Eyeballing the loess smooth confirmed that it was concave over the last 3 months or so, and thus that an exponential model was indeed reasonable. The standard way to proceed at this point would be to simply fit an exponential model to the raw data. This requires non-linear optimization, since there is no analytical solution. In R, this is done using either the “nlm” or “optim” functions, and for whatever reason both of these always give me headaches, which I was in no mood for, not that I ever am. So I worked around it using a “brute force” approach, but one which also has some very definite advantages, one of which in this case is information on the ability of a stiff loess function to capture the underlying epidemiology. Which, since loess is a really nice, easy and useful tool, is a good thing to know.

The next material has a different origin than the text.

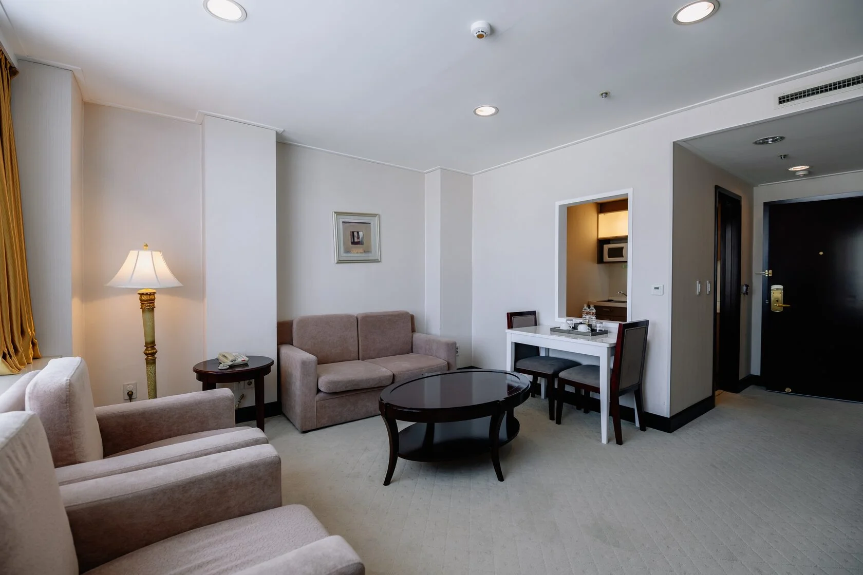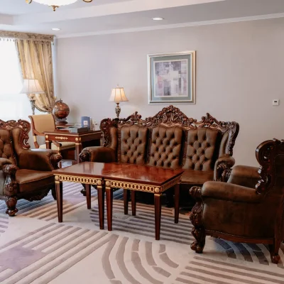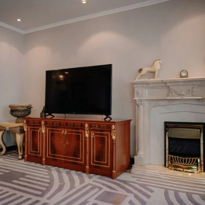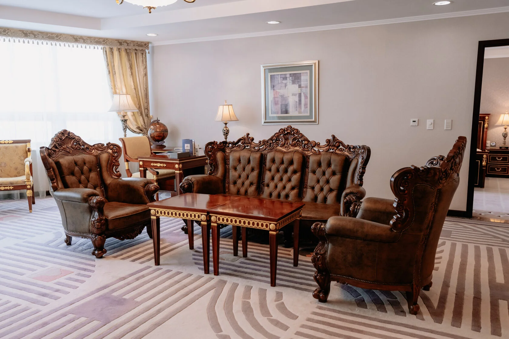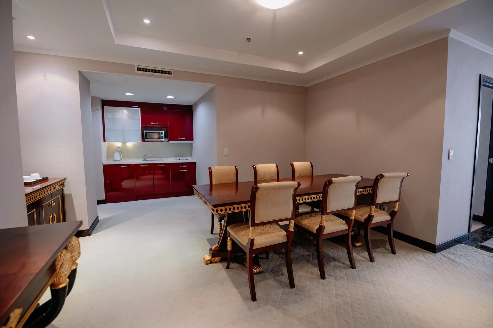Просторная гостиная, кухня, две спальни и большая ванная комната делают этот номер удобным для проживания VIP-гостей с друзьями или целой семьей. Два рабочих места и три кровати позволяют сделать из апартаментов настоящий дом для нескольких семей, где можно и работать, и отдыхать. А в конце дня собираться всем вместе перед телевизором в гостиной на большом диване и мягких креслах.

What I did was to (1) take the loess-estimated new case rate from the latest WHO report (Aug. 22), (2) compute the per-day rate that would be required to achieve that value over the last ~ three months, and (3) used that value as a starting point estimate for systematic searches for values giving better estimates (as evaluated using standard goodness of fit measures, i.e. the smallest sum of squared deviations from the model-estimated values). A key point in step (2) is that the parameter estimated (in model y = b^ax), is not in fact a, but is rather the base b; I do not assume a given base and then estimate a. I instead set a = 1.0, and since x is the number of days from the defined starting date, I estimate b, which gives the per-day transmission rate of ebola in the population. This is given simply by b = y^(1/x), with y as given by step (1). This does not give us R directly, but that conversion is simple if we know a little about ebola disease progression, which we do.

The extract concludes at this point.